Object localization is used to determine the location of a device, an important aspect of applications ranging from autonomous driving to augmented reality. Commonly-used localization techniques include global positioning systems (GPS), simultaneous localization and mapping (SLAM), and positional tracking, but all of these methodologies have drawbacks, especially in high traffic indoor or urban environments. Using recent improvements in the field of machine learning, this project proposes a new method of localization using networks with several wireless transceivers and implemented without heavy computational loads or high costs. This project aims to build a proof-of-concept prototype and demonstrate that the proposed technique is feasible and accurate.

Modern communication networks heavily depend upon an estimate of the communication channel, which represents the distortions that a transmitted signal takes as it moves towards a receiver. A channel can become quite complicated due to signal reflections, delays, and other undesirable effects and, as a result, varies significantly with each different location. This localization system seeks to take advantage of this distinctness by feeding channel information into a machine learning algorithm, which will be trained to associate channels with their respective locations. A device in need of localization would then only need to calculate a channel estimate and pose it to this algorithm to obtain its location.

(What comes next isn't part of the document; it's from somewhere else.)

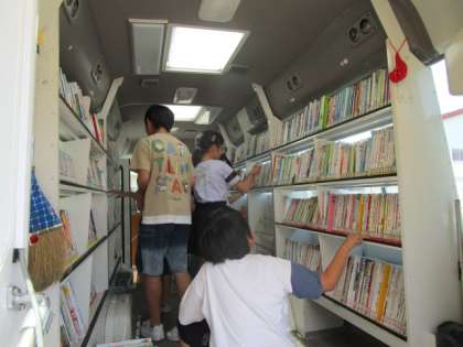 今日は月に1回の自動車文庫の日でした。たくさん本があるので、じっくり悩んで借りる本を決めました。

As an additional step, the effect of location noise is investigated in this report. Once the localization system described above demonstrates promising results, the team demonstrates that the system is robust to noise on its location labels. In doing so, the team demonstrates that this system could be implemented in a continued learning environment, in which some user agents report their estimated (noisy) location over a wireless communication network, such that the model can be implemented in an environment without extensive data collection prior to release.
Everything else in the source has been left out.